You might want to know whether a certain kernel option was enabled or not when your kernel was built, say if Symmetric multiprocessing (SMP) was enabled, or if KVM was compiled directly into the kernel or just as a loadable module.
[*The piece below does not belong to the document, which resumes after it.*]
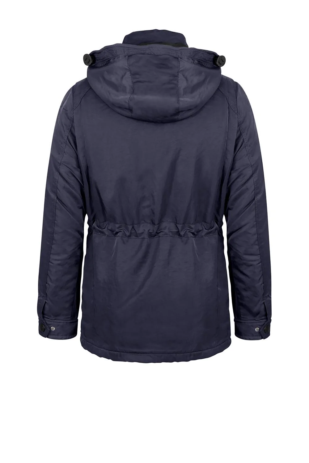 Chamarra con capucha ajustable y desmontable, dos bolsillos frontales, dos interiores, jareta con cordón ajustable, cierre y botones snap al frente. prod. # 01-1045

To answer this, you can look at the /boot/config-$(uname -r) file.

To find out if SMP is enabled in your system for instance, search for all SMP keywords in the kernel configuration –

daniel@linubuvma:~$ grep SMP /boot/config-$(uname -r)
CONFIG_X86_64_SMP=y
CONFIG_GENERIC_SMP_IDLE_THREAD=y
CONFIG_SMP=y
# CONFIG_X86_VSMP is not set
# CONFIG_MAXSMP is not set
CONFIG_PM_SLEEP_SMP=y
CONFIG_SCSI_SAS_HOST_SMP=y
CONFIG_VIDEO_VP27SMPX=m

The ‘CONFIG_SMP=y’ setting indicates that the SMP module was compiled directly in the kernel, it is part of the monolithic kernel.

If your kernel was built with ‘CONFIG_IKCONFIG_PROC’, then the /proc/config.gz will contain the .config file the Linux kernel was compiled with.

daniel@linubuvma:~$ grep CONFIG_IKCONFIG_PROC  /boot/config-$(uname -r)
daniel@linubuvma:~$
daniel@linubuvma:~$ ls /proc/config.gz
ls: cannot access /proc/config.gz: No such file or directory

In my case, the kernel was not built with ‘CONFIG_IKCONFIG_PROC’.